O atual cenário, no qual tudo é polarizado, sem espaço para reflexões, capturou as discussões sobre como enfrentar a pandemia. Assim, o “economia versus vida” rendeu. Nas redes sociais, ai de quem ousou equilibrar as discussões. Até passou despercebido que tal antagonismo esbarrava na realidade. Com a liberação do auxílio de R$ 600, em apoio aos mais impactados financeiramente, recordemos a imagem de muitos (infelizmente) aglomerados na porta das instituições financeiras, apesar de cientes dos riscos de contaminação. Há que se pensar: será que só os carentes sabem que economia e vida são mesma coisa?

Atribuo tais polarizações, que também se dá entre economia e ecologia, a um preconceito cristalizado por confusão conceitual e relacional entre economia, mercado, acumulação de bens e desigualdade social, imprópria mesmo para não economistas, como eu. Quem sabe, nas palavras de Kate Raworth, autora da “Economia Donut”, essa confusão exista porque “não aprendemos para que serve a economia, mas sim como o mercado funciona e porque funciona”. Ou, nas de Amartya Sem, em “Desenvolvimento como Liberdade”, ao falar de mercado: “Ser genericamente contra os mercados (mecanismo de troca) seria quase tão estapafúrdio quanto ser genericamente contra a conversa entre as pessoas (por pior que sejam essas conversas)”.

Bom lembrar que economia e ecologia têm a mesma gênese, no prefixo eco, do grego “oikos”, que significa “casa”. Sendo ecologia a junção com “logos”, que significa “estudos”, e economia a junção com “nomos”, que significa “ordem”. Portanto, essa polarização não tem respaldo fático e conceitual. Apesar disso, domina fóruns formuladores de políticas públicas, impedindo o avanço de alternativas econômicas (ordenamento da casa) que utilizem mecanismos de mercado (mecanismo de troca) como meio para um novo modelo de desenvolvimento, que considere a ecologia.

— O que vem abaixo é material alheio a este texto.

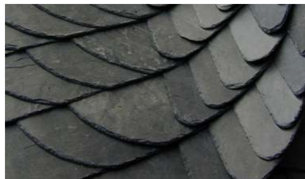
Neben Ziegeldeckungen haben Schieferdeckungen einen großen Anteil am praktischen Unterricht.

im BUNDESBILDUNGSZENTRUM des Zimmerer- und Ausbaugewerbes gGmbH
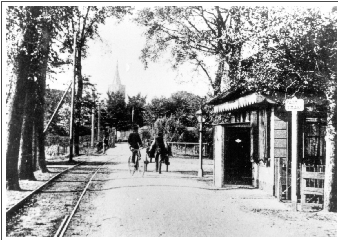
De Abri was een belangrijk knooppunt van twee tramlijnen in het Gooi. Op de foto de Amersfoortsestraatweg richting Vesting met het tramspoor Laren-Amsterdam. Rechts op de hoek van de Huizerstraatweg het toenmalige tolhuisje. Op dit punt moest de tram voorrang verlenen aan de tram van Bussum naar Huizen.
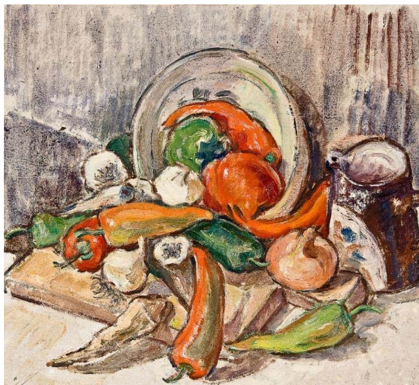
Fig. 4 - Viorica Balan, Natură statică
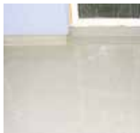
12 Fertig. Danach folgt der Fremdbelag.
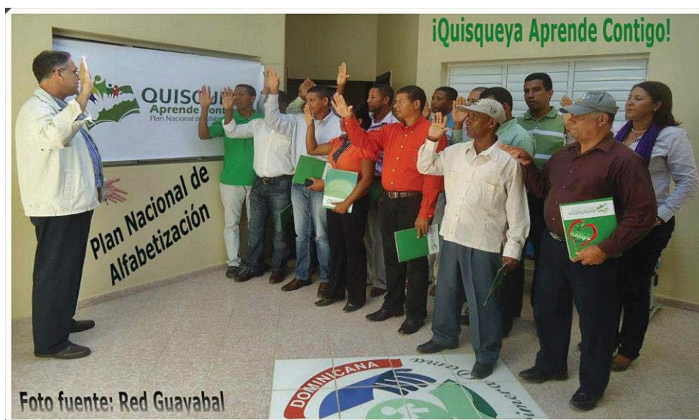
Reuniones de coordinación de las juntas municipales.
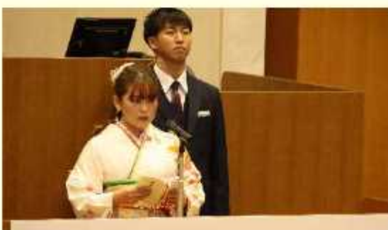
野田市では20歳の方をお祝い
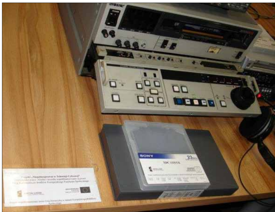
Przegrywanie czas zacząć...
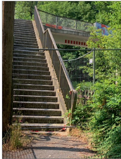
Der Zugang zur Fußgängerbrücke an der Burgstraße bleibt gesperrt.
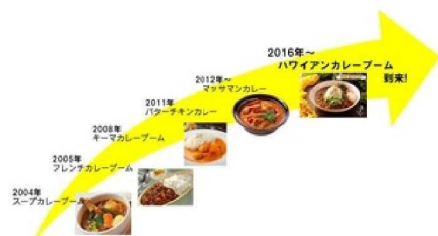
ハワイアンカレーブーム到来？！
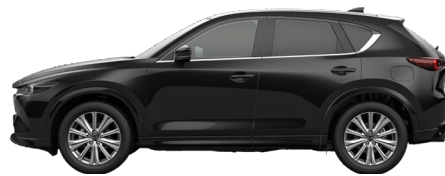
JET BLACK (41W) 10)
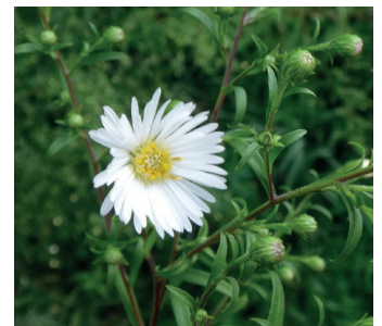
Lanzettblättrige Aster Blütezeit ab August. Blätter dunkelgrün, schmal, nur fein gezackt, ohne Haare
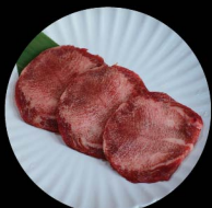
A3. 極上牛舌 Finest Ox Tongue Level 1: 2片 pcs Level 2: 2片 pcs Level 3: 3片 pcs
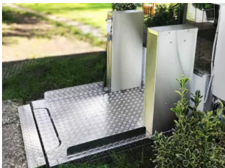
Hublifte Vertico Varia sind mit großer Wendefläche auf der Plattform, gerader Durchfahrt oder Über-Eck-Ausstieg erhältlich.
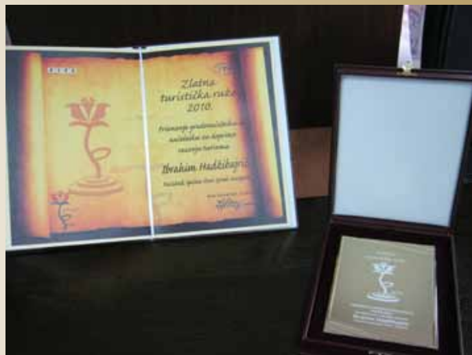
Nagrada „Zlatna turistička ruža 2010.“

2010.“, manifestacija dodjeljivanja priznanja u turizmu, održana je u Brčkom 25.09.2010. godine, pod sloganom „Osmijeh za BiH“.
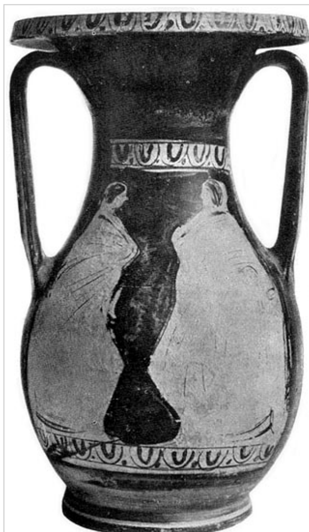
Empúries, CCA RG SN 1 MIRÓ 2006, p. 660, nº 3226, lám. 246
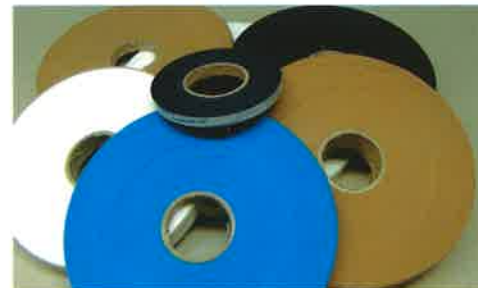
Home Textile / Textil Hogar
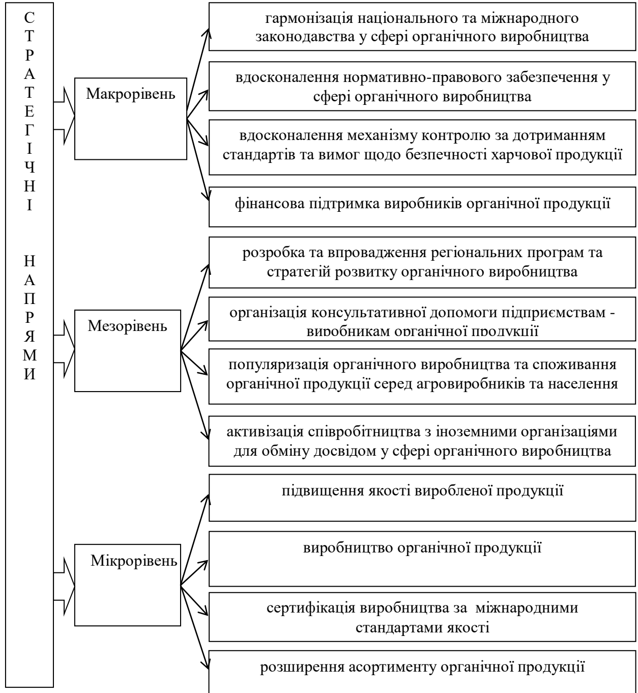
Рис. 4. Стратегічні напрями розвитку харчової органічної продукції на макро-, мезо-, мікрорівнях

стратегічними завданнями розвитку органічної харчової продукції повинні стати: узгодження вітчизняного законодавство відповідно до міжнародного, удосконалення механізму щодо обігу та маркування продукції, формування стратегії розвитку органічної харчової продукції, збільшення державного фінансування.

Apesar desse cenário paralisante, algumas boas iniciativas nacionais se impõem. Entre elas, destaco práticas do embrionário e promissor mercado de carbono. Exemplo recente e notável é o Renovabio – Política Nacional de Biocombustíveis. Estranhamente pouco conhecida, fora do nicho da cadeia dos biocombustíveis, e pouco comemorada por gestores e ativistas ambientais. O Renovabio é, de fato, política ambiental inovadora, diria até revolucionária. Resumidamente, é um incentivo ao uso de biocombustíveis, a partir da redução da emissão de carbono total dos combustíveis vendidos no país, gerando créditos de descarbonização, os CBios.

A experiência do Renovabio demonstra capacidade nacional, acúmulo de conhecimento e know-how para a implantação de modelos econômico-ecológicos semelhantes. A pandemia escancara quão ultrapassados são os sistemas econômico e de gestão ambiental dominantes. Não mais respondem aos desafios deste nosso século e às crises financeiras, sociais e ambientais, cada vez mais frequentes.

É preciso pensar e implantar modelos que integrem “economia & ecologia” e assim construir algo novo. Concluo citando novamente Kate Raworth: “O mercado, que é poderoso – portanto, integre-o com sabedoria”.